I started with a dimension of 5 and doubled it with each new run, up to 1280 for the final run. Here's a log-log plot of total end-to-end solution times:
plot of total solution times
CPLEX beat CLP consistently, but as problem dimension grew the ratio of times seemed fairly steady, and the difference (a bit over 25 seconds on my quad-core PC) doesn't strike me as horrible. IMPORTANT DISCLAIMER: We're looking at one replication at each problem size of one particular LP (assignment problem). Ascribe any significance to anything I say at your own peril. Also, I repeated a few replications, and the times varied significantly, even though the seed for the random number generator was held constant (meaning the repeated problems should have been identical to the original versions). So the teeny sample size is exacerbated by fairly high variance.

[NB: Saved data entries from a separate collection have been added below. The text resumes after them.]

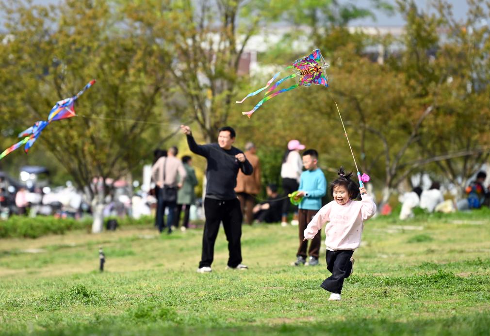 3月21日,小朋友在四川省南充市蓬安县相如故城上林园放风筝。新华社发(刘永红摄)
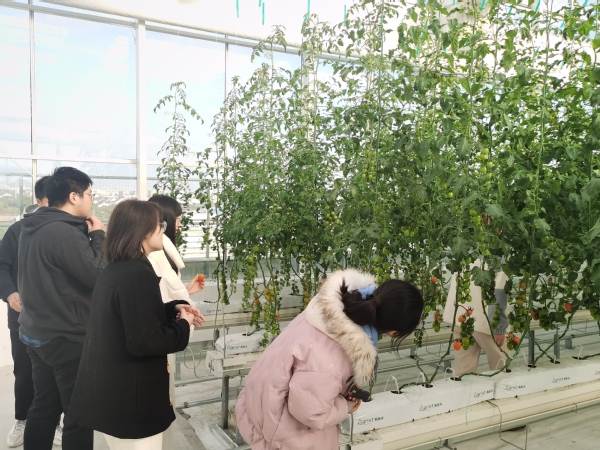 签约完成后,在华维公司讲解人员的带领下,5位“准学徒”还参观了公司的几大展示区。在华维公司建设的中国第一家灌溉博物馆,从秦汉时期的龙骨水车,到如今的全自动输水管网,从传统的陂渠塘井,到现代的节水灌溉新模式,大家充分感受到了中国数千年来灌溉史的演变以及现代灌溉技术的先进性。在华维公司新建设的全封闭屋顶温室,全套自研的物联网监测系统和灌溉系统精密运转,第一茬圣女果已经硕果累累。在公司庭院的休闲花园,各种立体栽培设施错落有致,展现了现代设施栽培的别样之美。
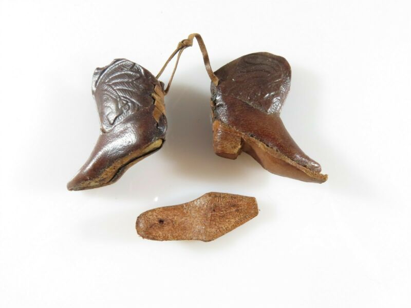 Title (ebay affiliate link): Miniature Leather Cowboy Cowgirl Boots with Stamped Indian Design

I broke the timing down into three parts: setting up the model; solving the model; and recovering the solution (getting the solver to cough up the values of the assignment variables). Here are log-log plots for each.


log-log plot of setup times
CPLEX seemed to be a bit faster creating a model object than CLP was, but the difference was pretty minimal (2.3 seconds with 1,280 assignees).

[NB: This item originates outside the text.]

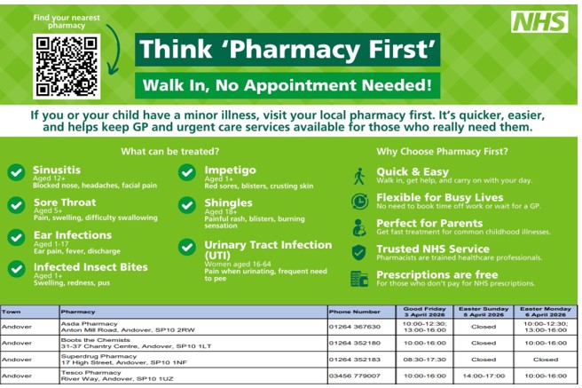 The NHS are asking people to ‘Think Pharmacy First’ if they become unwell and need treatment for minor illnesses over the Easter Bank Holiday weekend.

log-log plot of solution times
The bulk of the time for either program is spent solving the problem, so this plot resembles the plot of overall execution times.


log-log plot of time to recover the solution
For the small models, both program returned the variables values so quickly that the recorded time (in milliseconds) was zero. Interestingly (at least to me), on the larger instances CLP returned solution values faster than did CPLEX.

Again, the takeaway from the experiments is not which solver is better; it's that Nils's interface works correctly and does not seem to introduce any glaring inefficiencies. Overall, I am quite impressed with Nils's creation. He provides an all-in-one jar file that contains not only his code but also CLP and some third-party libraries. You only have to import clp-java into your project and put the jar in the class path. When you run your program, the necessary libraries are unpacked into a temporary directory. Before the program exits, it cleans up after itself, deleting the temporary directory. (I confirmed that it left no digital artifacts behind.)

There is one bug yet to be worked out (as of this writing). At least on Ubuntu 14.04 and Linux Mint 17.2 (based on Ubuntu 14.04), "out of the box" you get linking errors at run time. Apparently, despite the fact that the COIN libraries CLP uses are sitting in the same temporary directory that CLP is sitting in, it looks for them elsewhere and can't find them. The workaround is to install the coinor-clp package (and a couple of dependencies) from the Canonical repositories, using apt or Synaptic. That fixed the linking problem for me and one other user. I have no idea if the same problem crops up in other operating systems.

So if you are programming in Java and looking for an open-source LP solver that you can build into a project, check out clp-java and CLP.